**Problem**
Between the line containing "- Chống biến" and the line containing "猫人工房的许多创作品都受到日" lies a run of lines; give that run again exactly, with both of those lines, and nothing else from the entries below.

**Exercise input**
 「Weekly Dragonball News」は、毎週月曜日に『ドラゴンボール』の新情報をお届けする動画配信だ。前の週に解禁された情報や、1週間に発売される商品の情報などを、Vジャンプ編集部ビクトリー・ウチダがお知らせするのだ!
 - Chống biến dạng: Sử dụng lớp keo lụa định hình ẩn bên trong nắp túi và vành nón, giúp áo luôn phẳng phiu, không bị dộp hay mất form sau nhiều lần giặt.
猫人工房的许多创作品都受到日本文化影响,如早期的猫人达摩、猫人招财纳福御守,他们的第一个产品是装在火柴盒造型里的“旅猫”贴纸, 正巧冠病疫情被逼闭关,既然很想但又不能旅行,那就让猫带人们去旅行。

---

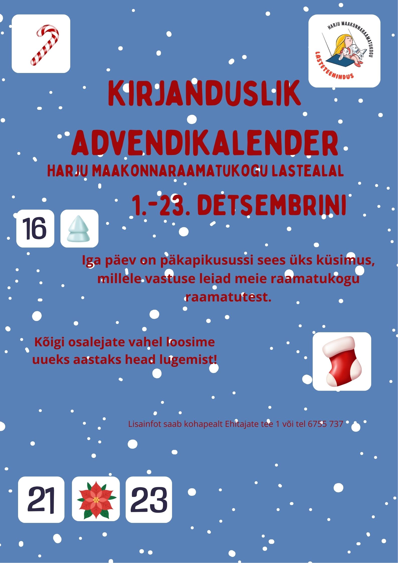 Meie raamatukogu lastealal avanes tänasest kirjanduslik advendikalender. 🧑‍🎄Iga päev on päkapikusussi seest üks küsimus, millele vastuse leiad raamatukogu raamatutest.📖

* * *

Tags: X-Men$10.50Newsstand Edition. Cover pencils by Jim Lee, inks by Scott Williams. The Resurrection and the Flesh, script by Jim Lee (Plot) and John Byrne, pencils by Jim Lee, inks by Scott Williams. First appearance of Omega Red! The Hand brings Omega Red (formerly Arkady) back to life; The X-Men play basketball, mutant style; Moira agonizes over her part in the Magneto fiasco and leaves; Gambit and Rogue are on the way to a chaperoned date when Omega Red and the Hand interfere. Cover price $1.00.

**Reply to the task**
 - Chống biến dạng: Sử dụng lớp keo lụa định hình ẩn bên trong nắp túi và vành nón, giúp áo luôn phẳng phiu, không bị dộp hay mất form sau nhiều lần giặt.
猫人工房的许多创作品都受到日本文化影响,如早期的猫人达摩、猫人招财纳福御守,他们的第一个产品是装在火柴盒造型里的“旅猫”贴纸, 正巧冠病疫情被逼闭关,既然很想但又不能旅行,那就让猫带人们去旅行。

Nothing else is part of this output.